明治維新150年を目前にして、「さつま→かごしま~幕末、明治の郷土美術」を開催します。明治4年(1871)年の廃藩置県によって、薩摩藩は鹿児島県へと生まれ変わりました。むろん単なる名称の変更ではなく、明治維新は日本史上、最も大きな変革の一つでした。欧米列強からの外圧によって受け入れざるをえなかった日本の性急な近代化を、鹿児島の美術を一例として考えてみる展覧会です。
日本画では、御用絵師として長く幕府とともにあった狩野派の末裔としての小松甲川、四条派を伝えるとともに志士としても活躍した平山東岳、また、一時島津家に雇われ、新しい日本画の制作にまい進した狩野芳崖などをご紹介します。
一方で、西洋絵画はその迫真的な描写が衝撃を与え、多くの日本人画家が熱中していきますが、反動的な国粋主義のうねりなかで、変転していきます。ここでは初期洋画を代表する床次正精を追ってみましょう。
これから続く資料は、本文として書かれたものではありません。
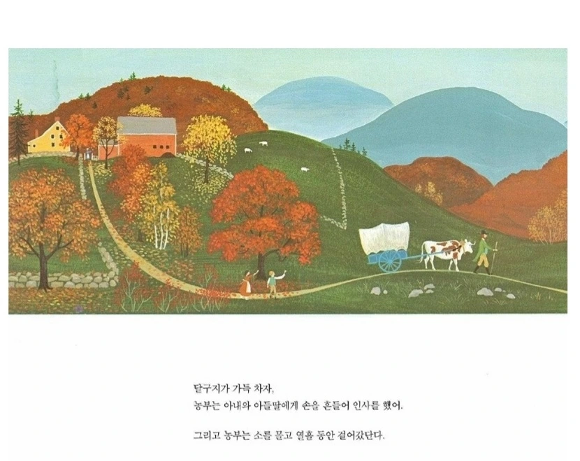 가족들의 일 년이 담긴 달구지를 끌고 시장을 향했던 농부의 마음을 생각해 본다. 소와 달구지 가져간 모든 것을 팔고 난 후 가족을 위한 물건을 사서 돌아오는 농부의 마음을 생각해 본다. 달구지를 끌고 시장에 다녀오는 이십여 일간의 농부 여정, 집에서 농부를 기다리는 동안 가족들은 어떤 마음으로 아빠를 기다렸을까? 나는 아이의 말소리를 따라 책장을 넘기며 그림책 속 남은 빈 공간을 채워본다.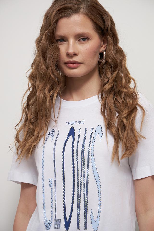 Белая футболка Rich and Royal с эффектным принтом "GLOWS". Изготовлена из 100% хлопка, обеспечивающего комфорт и воздухопроницаемость. Идеальный выбор для создания стильного повседневного образа. Состав: хлопок 100%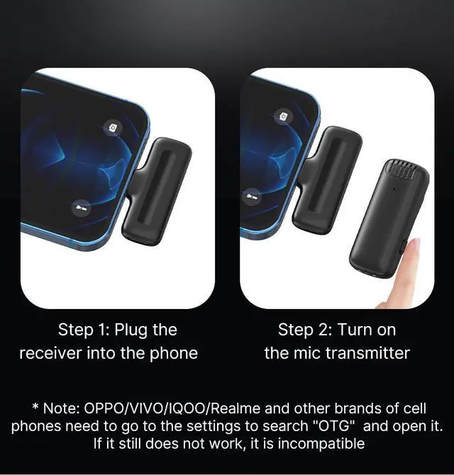 Note: OPPO/VIVO/IQOO/Realme brand mobile phones need to turn on OTG power supply to connect to this microphone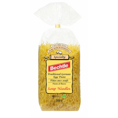 Bechtle Soup Noodles are traditional German egg pasta made with cage free eggs and pure durum semolina.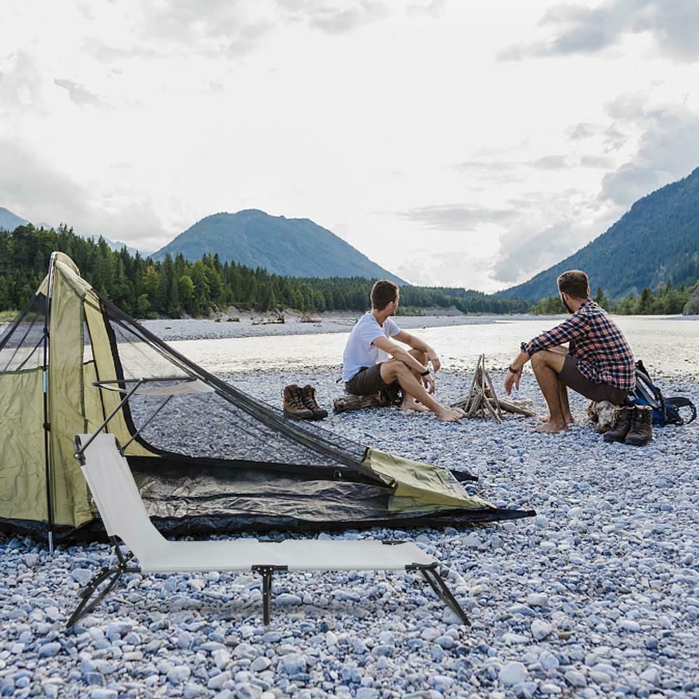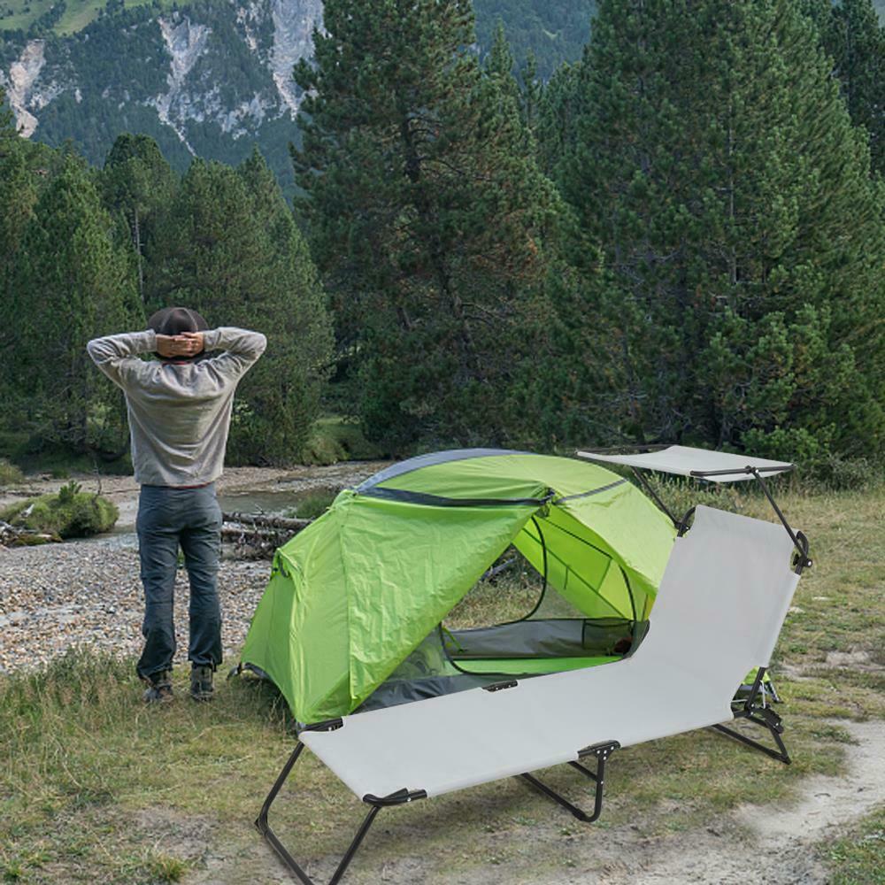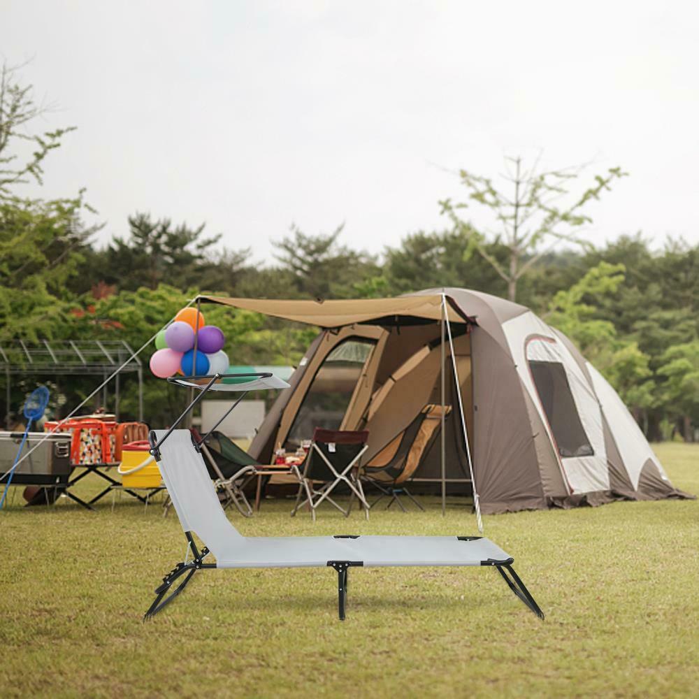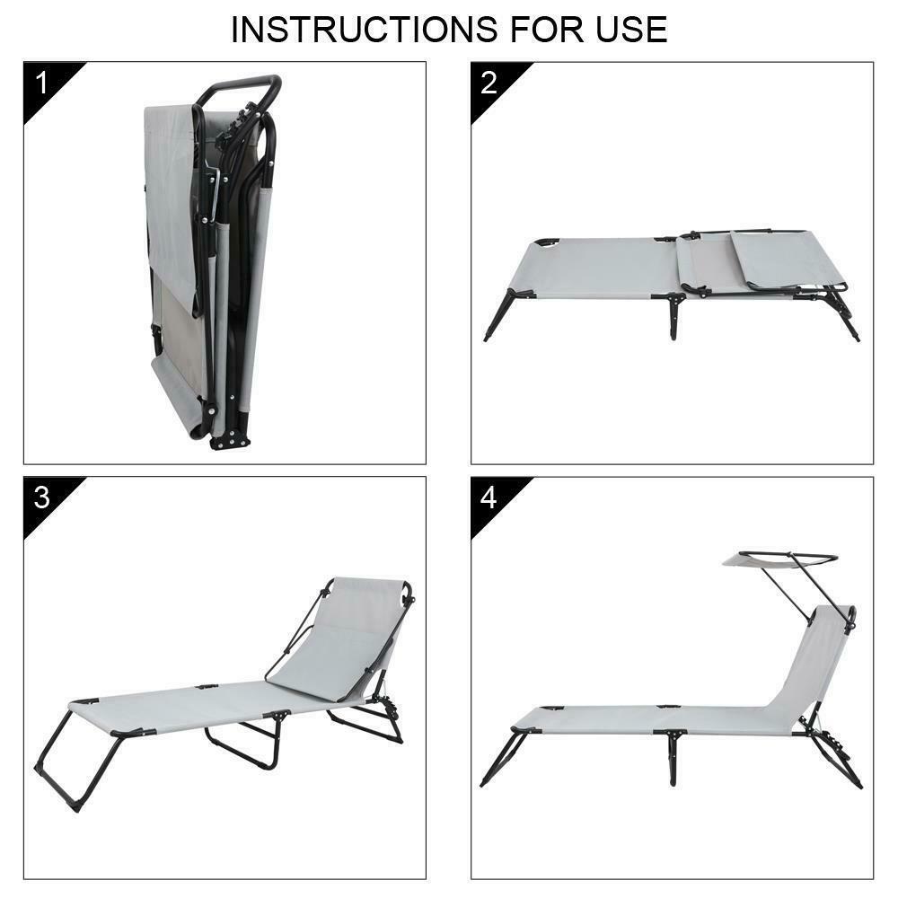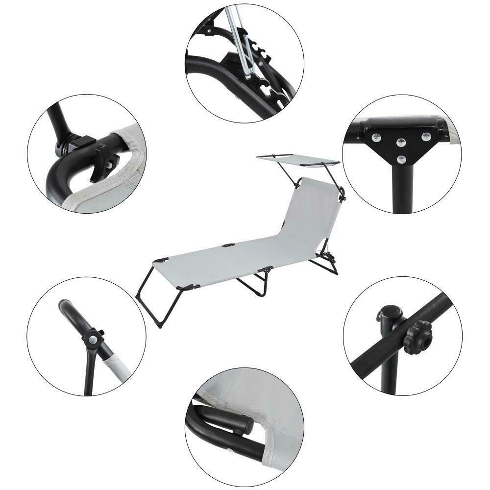 Garden Folding Chair Sun Lounger Bed Outdoor Recliner Seat w/ Sunshade Grey UK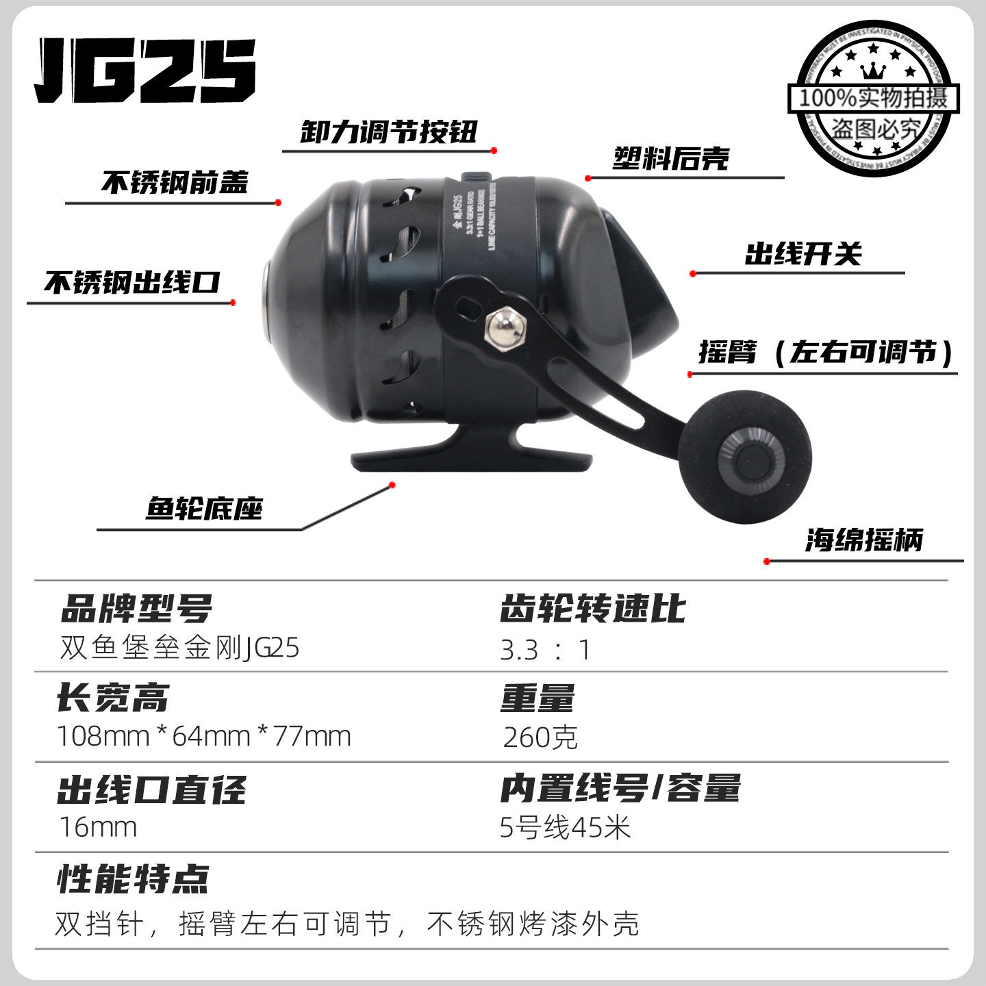 淘宝双鱼堡垒黑金刚鱼轮JG25弹弓射鱼轮套装JG35金属鱼镖轮打鱼鱼线轮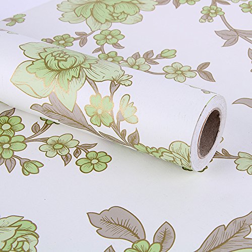 SimpleLife4U Retro Green Peony Floral Contact Paper Self-Adhesive Shelf Liner Drawer Locker Sticker 17.7 Inch By 9.8 Feet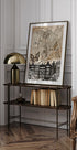 O pôster City Breaks de Simon Goggins captura a alma de Amsterdã em uma colagem de inspiração retrô: canais sinuosos, esbeltas casas holandesas com empenas e marcos icônicos, sobrepostos a um evocativo mapa da cidade. As borboletas lendárias acrescentam poesia à paisagem urbana – um tributo ao desejo de viajar, à nostalgia e ao charme urbano. Criado por Simon Goggin.

幕末から明治にかけて和歌で一派をなし、宮中での指導にもあたった桂園派があり、鹿児島からも多くの歌人を輩出しています。八田知紀、高崎正風、税所敦子らの書をご紹介します。
薩英戦争のなかで壊滅的打撃を受け、西南戦争後に完全に製造が途絶えた薩摩切子、開国により、海外への輸出品としての需要が急増し、作品も変化していく薩摩焼など、工芸の世界も大きく変容していきます。ここでは、江戸時代の切子をはじめ、12代沈寿官や東郷寿勝などの薩摩焼を見てみましょう。
当館の所蔵品を通し、美術という視点から日本の近代化を垣間見ていただけたら幸いです。